Retype all of the listing exactly, with no pictures.
[[ Supplied data open ]]
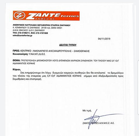 Την αδυναμία εκτέλεσης του Δρομολογίου Αλεξανδρούπολη-Σαμοθράκη και αντίστροφα λόγω των καιρικών συνθηκών γνωστοποίησε σήμερα η ZANTE Ferries πλοιοκτήτρια εταιρία του “Αδαμάντιος Κοραής”.
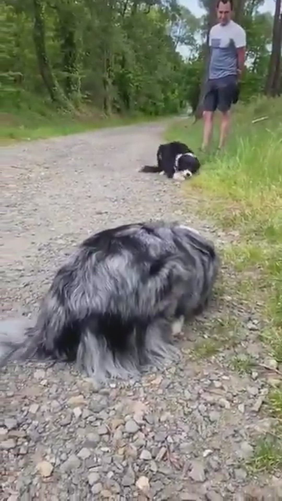 Un Border Collie y un Pastor Australiano se conocen por primera vez y se mandan estas señales
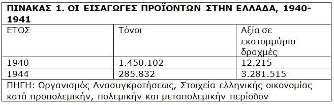 Κατά τη διάρκεια της Κατοχής οι εισαγωγές προϊόντων έχουν μειωθεί αισθητά (πίνακας 1).
[[ Supplied data closed ]]
Exercise output:
 Την αδυναμία εκτέλεσης του Δρομολογίου Αλεξανδρούπολη-Σαμοθράκη και αντίστροφα λόγω των καιρικών συνθηκών γνωστοποίησε σήμερα η ZANTE Ferries πλοιοκτήτρια εταιρία του “Αδαμάντιος Κοραής”.
 Un Border Collie y un Pastor Australiano se conocen por primera vez y se mandan estas señales
 Κατά τη διάρκεια της Κατοχής οι εισαγωγές προϊόντων έχουν μειωθεί αισθητά (πίνακας 1).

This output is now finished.